- 51°25′53″N 0°47′33″W﻿ / ﻿51.431367369588514°N 0.7926067750286925°W
- Type: Country House
- Location: Binfield, Berkshire, England
- OS grid reference: SU 84030 70953

History
- Built: Early 16th century
- Built for: Robert Sampson

Site notes
- Architectural style: Tudor

Listed Building – Grade II*
- Official name: Binfield Place
- Designated: 7 December 1966; 59 years ago
- Reference no.: 1390270

Listed Building – Grade II
- Official name: Walls and gate piers to Binfield Place
- Designated: 20 December 1972; 53 years ago
- Reference no.: 1390271

= Binfield Place =

Listed country house in Berkshire, England

Binfield Place is an English country house. It is a historic Grade II* listed building. The house is located at the west edge of Binfield, Berkshire.

==History==
The current building may be the oldest house in the parish. What remains today is part of a larger early 16th-century house, probably built by Robert Sampson, "'Clarke of the Counsell' to Henry VII". Sampson was originally from Kersey, Suffolk.

A 17th-century bas-relief of a lady's head, known as the "Luck of Binfield," hangs in the house. The superstition is that any owner that removes it will be cursed.

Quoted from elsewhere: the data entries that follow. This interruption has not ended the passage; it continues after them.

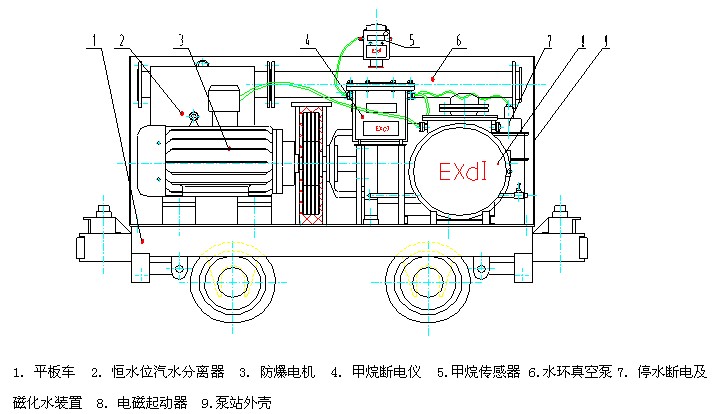 礦用移動式瓦斯抽放泵站的所有設(shè)施全部安裝在一個(gè)平板礦車上,不需要重新解體裝配,但在使用時(shí)需要注意以下幾點(diǎn):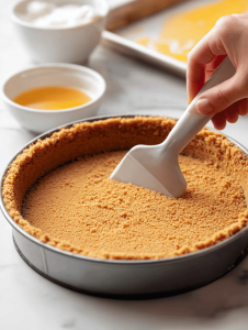 Step 3: Mix crushed graham crackers, melted butter, and a pinch of salt for the crust. Press into the pan.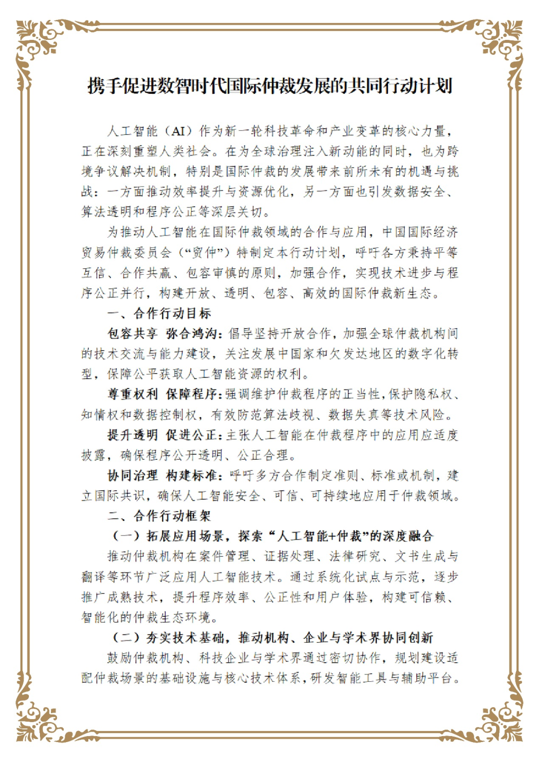 附:《攜手促進(jìn)數(shù)智時(shí)代國(guó)際仲裁發(fā)展的共同行動(dòng)計(jì)劃》中英文文本
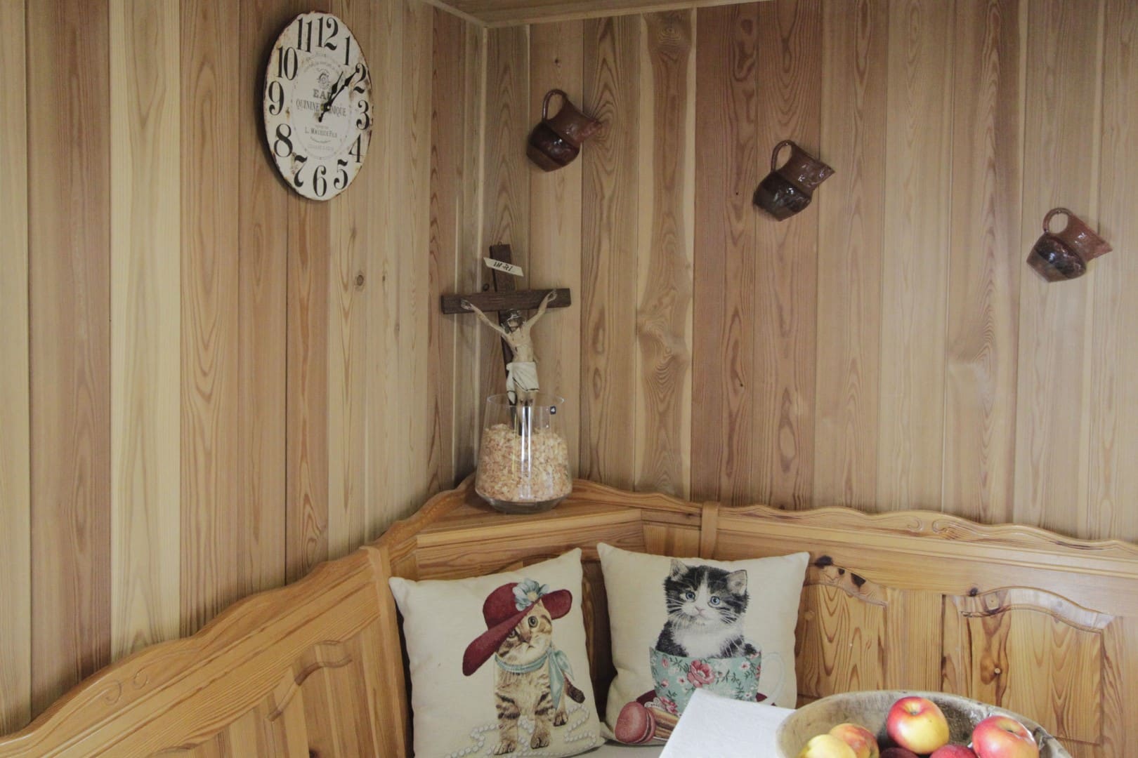 V hiši so že imeli masivno pohištvo, ki bi ga bilo škoda zavreči, zato so ga ohranili tudi po obnovi stavbe. »Dotrajana je bila le kuhinja, zato smo zanjo izbrali novo pohištvo v podeželskem slogu,« razlaga Vida in dodaja, da so v kotu ohranili tudi leseno klopco in tja dodali križ, saj je bila to značilnost takšnih hiš v preteklosti.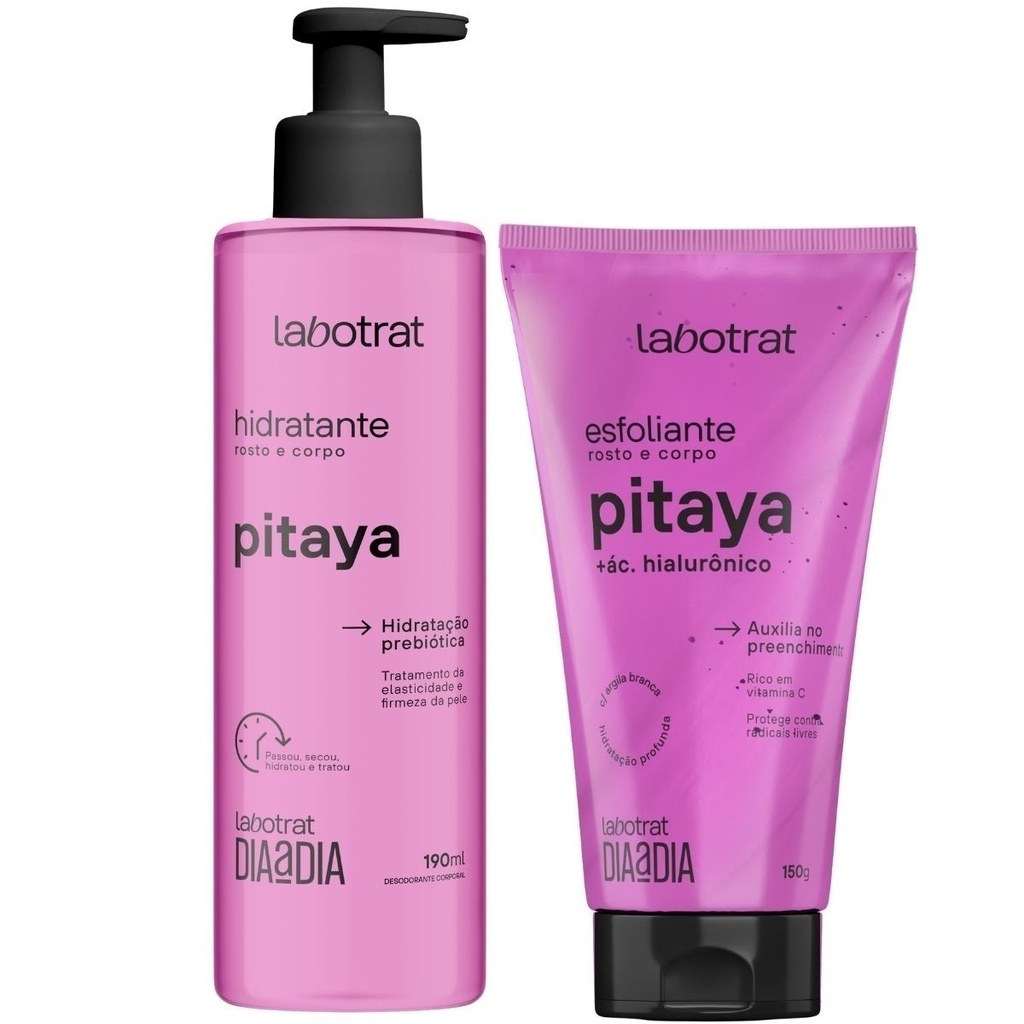 O Kit Labotrat Dia a Dia combina dois cuidados essenciais para uma pele macia, hidratada e radiante. O esfoliante de 150g, formulado com sementes naturais, remove impurezas e células mortas de forma suave, estimulando a renovação da pele e deixando-a uniforme e com toque delicado. Já o hidratante de 190ml, enriquecido com ácido hialurônico e argila branca, nutre profundamente, promove efeito preenchido e garante maciez duradoura. Com fragrância envolvente de pitaya, este kit transforma sua rotina de cuidados em um momento de frescor e bem-estar.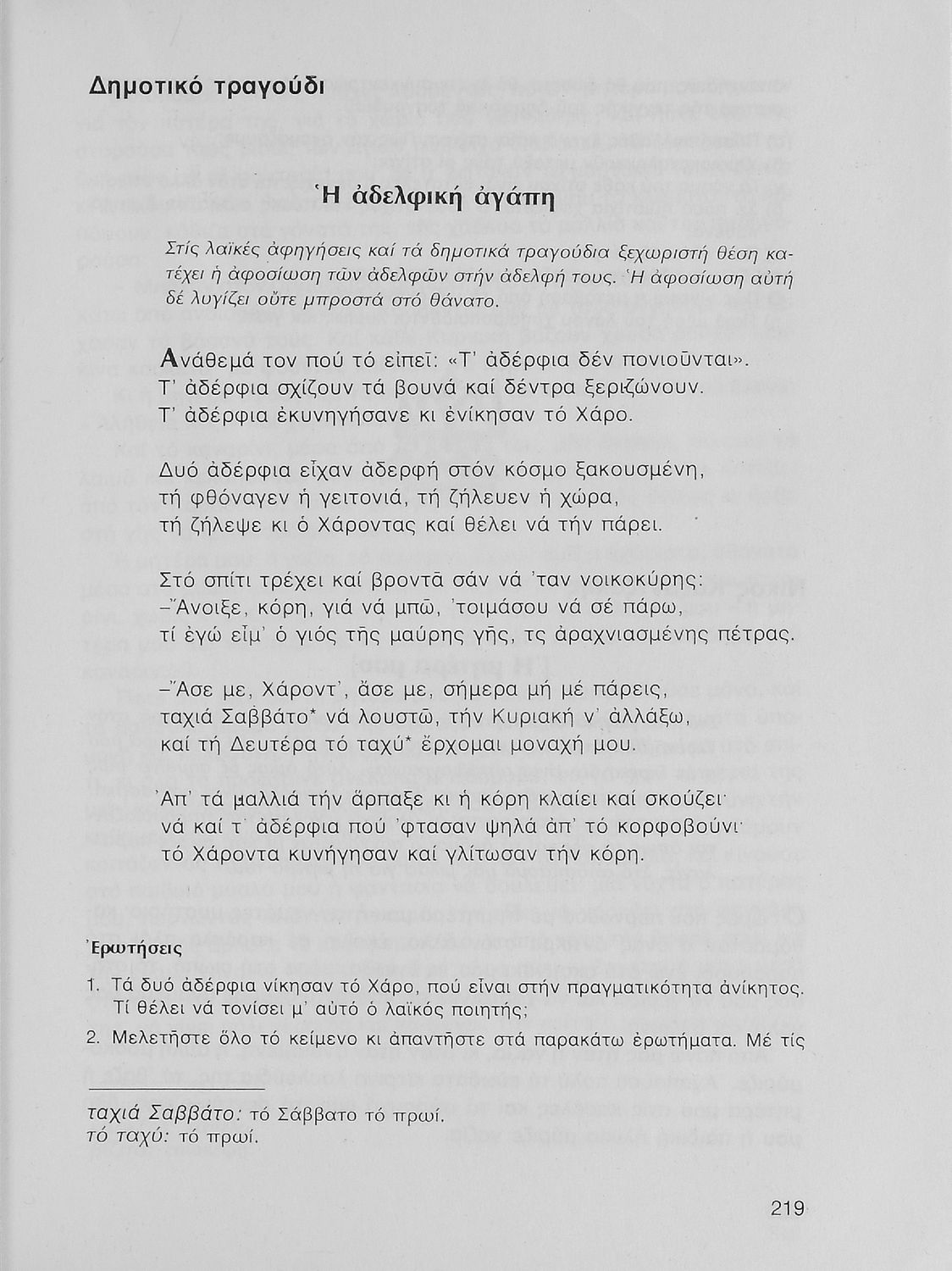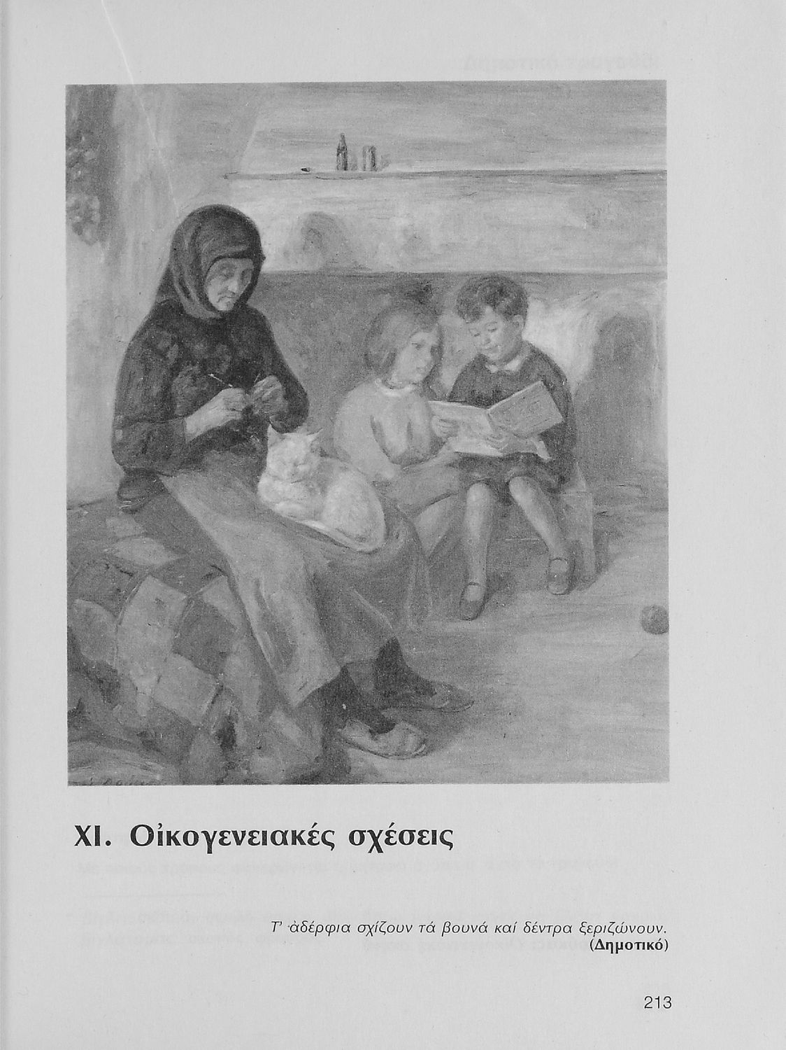 Σχολικό εγχειρίδιο Νέων Ελληνικών Α΄ Γυμνασίου που περιλαμβάνει δοκίμια, πεζά και ποιήματα Ελλήνων συγγραφέων και δημοτικά τραγούδια εμπνευσμένα από τη θρησκευτική, εθνική και κοινωνική ζωή, τη "δοκιμασία της ...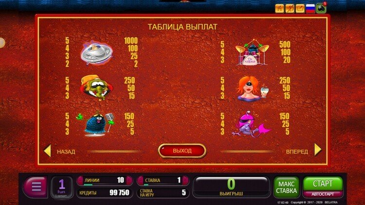 Таблица выплат Marswood Party
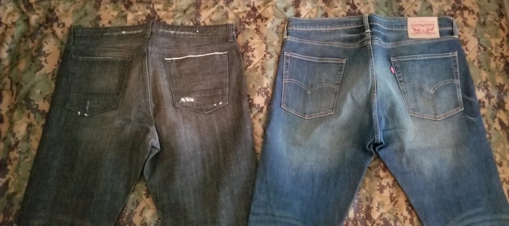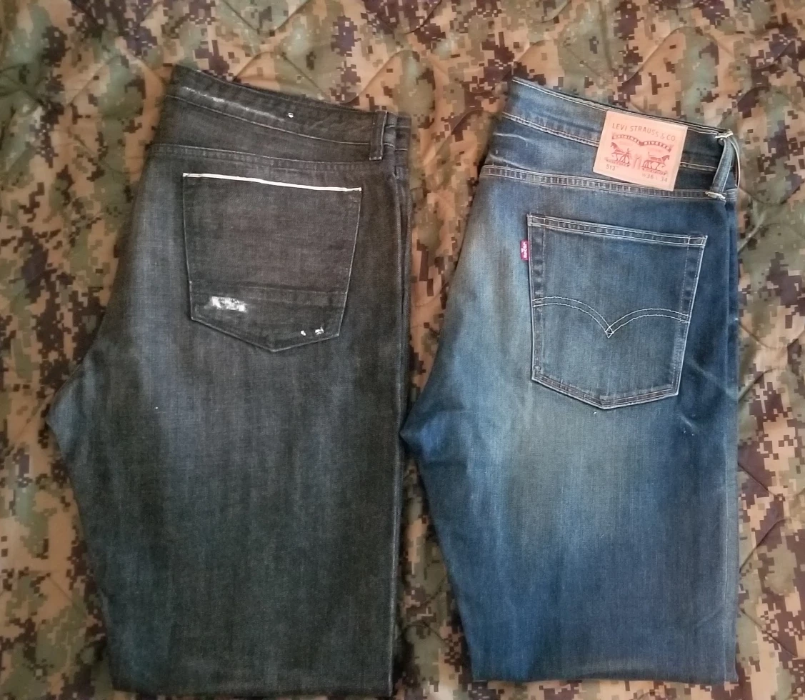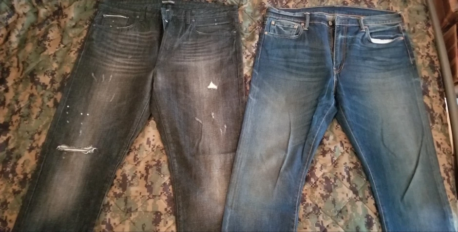 Two pairs of men's jeans, one black pair and one blue pair. The black pair has distressed areas. Both pairs appear to be in good condition.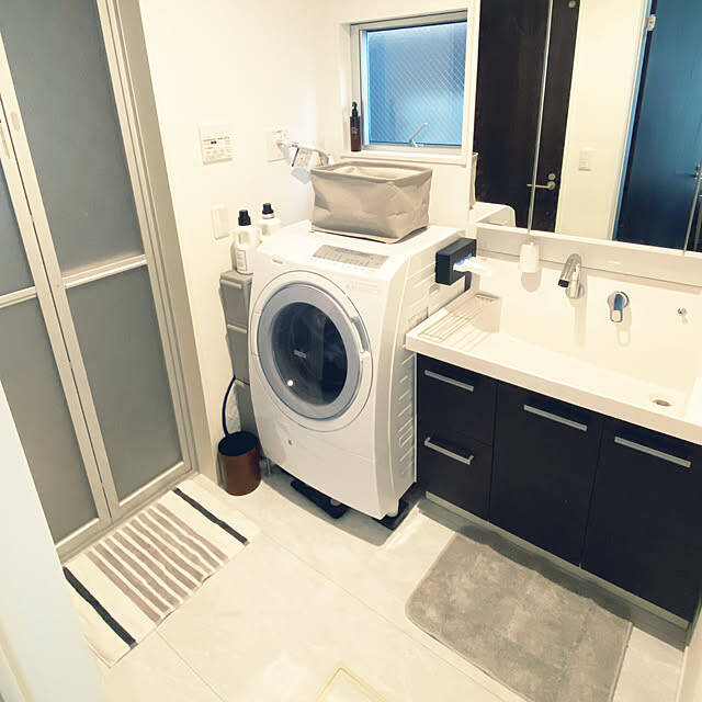 Haruさんが新調されたバスマットは、「手軽に洗いやすいタオル地バスマット」です。衛生面が気になるバスマットも、洗いやすいタオル地だと清潔に保てますね。ブラウンとブラックのストライプ柄は、スッキリしたモノトーンインテリアの洗面所のアクセントとしてもぴったりです!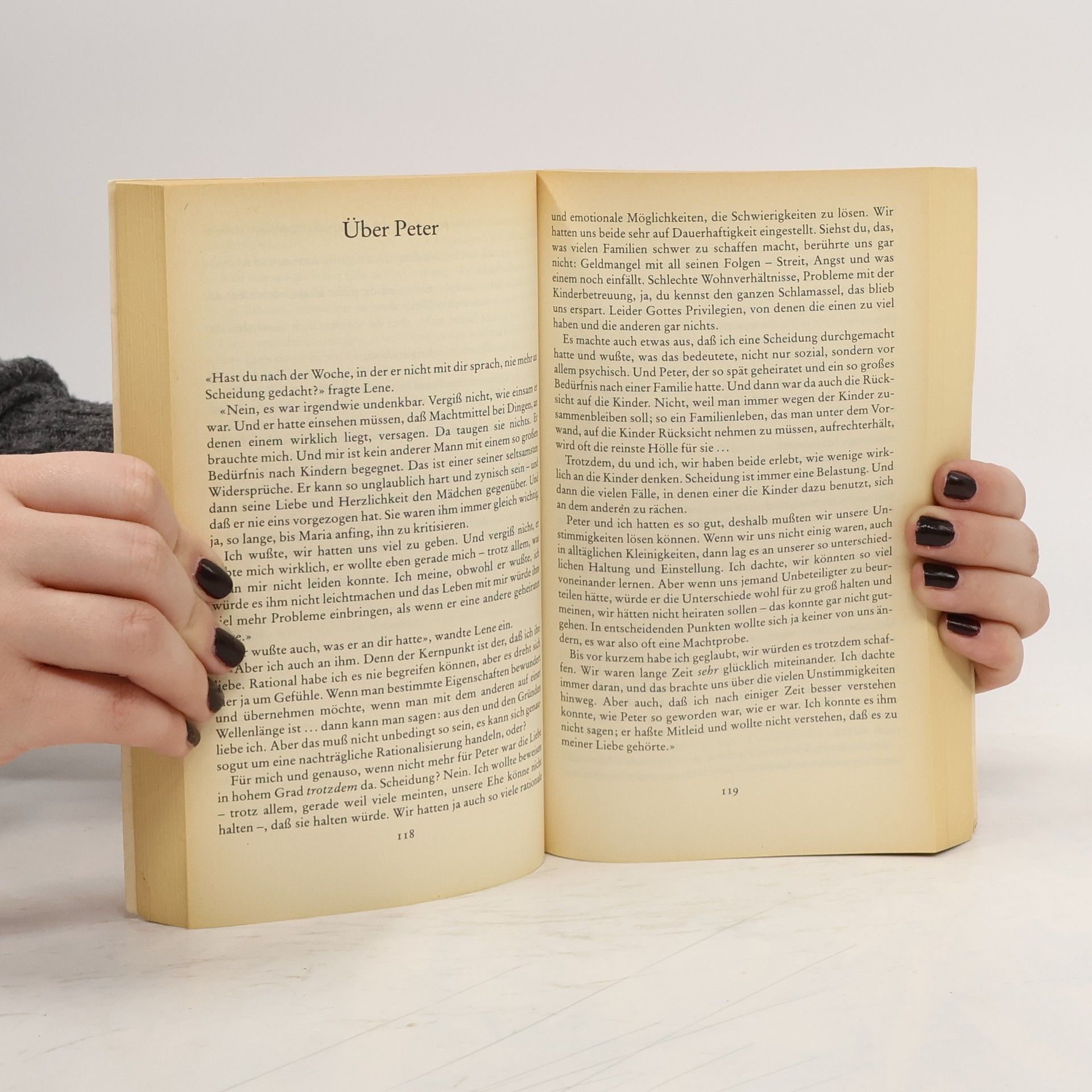 Wie schon in den Romanen «Le und die Knotenmänner» und «Lene» beginnt es Helene, mit dem Rechtsanwalt Peter verheiratet, flieht mit Körperverletzungen zu ihrer Freundin Lene; ihr Mann hat sie zum erstenmal in zwanzig Ehejahren geschlagen. Das Gespräch der beiden Frauen bildet den Rahmen für die Erinnerung an Szenen einer Ehe, wie sie schwieriger kaum denkbar zwischen einem konservativen Patrizier und ehrgeizigen Lokalpolitiker und einer in kleinbürgerlichem Milieu aufgewachsenen, vielfältig sozial engagierten Frau.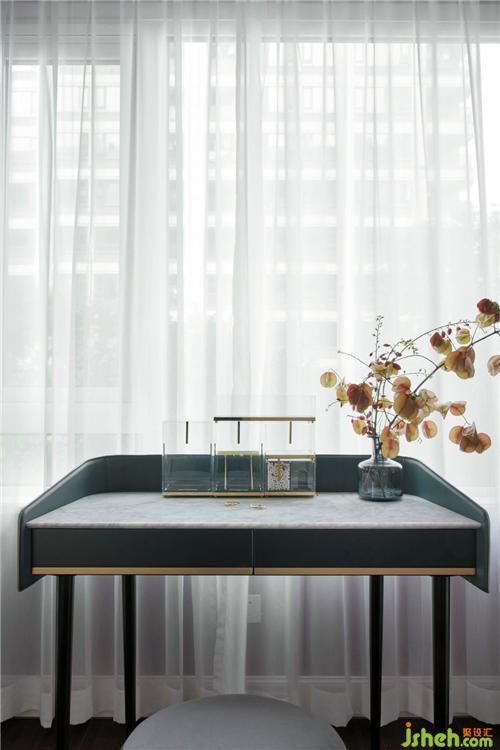 香芋紫的墻面充滿了女性的柔美典雅,古典的梳妝臺,景美的小花,點點滴滴都在敘述這個家女主人最美的姿態(tài)。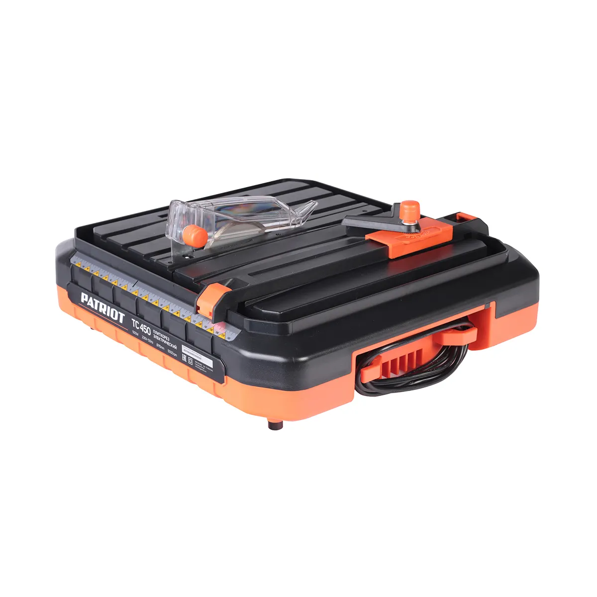 У PATRIOT TC 450 нижнее расположение двигателя, что делает компоновку компактной и удобной для переноски. Габариты без упаковки 490x490x160 мм позволяют хранить плиткорез на полке или перевозить в машине, а вес 6,74 кг — разумный баланс между устойчивостью на рабочем месте и мобильностью. Такой электрический плиткорез часто выбирают для небольших объёмов укладки, когда нужна аккуратность, но нет смысла брать крупный станок.

As of 2010, the building contained offices.

==Architecture==
Distinguished by the large 18th-century Gothic window to the right of the entrance, just the hall block and east wing of the original house remain. The building was originally half-timbered but was refaced with brick in the early 18th century. An extension was added to the house in the late 18th century.

The interior contains much 17th-century panelling, along with 16th-century beams and fireplace.

Marking the southern entrance to the property is a Grade II listed 17th-century gateway with brick posts and stone cappings and balls.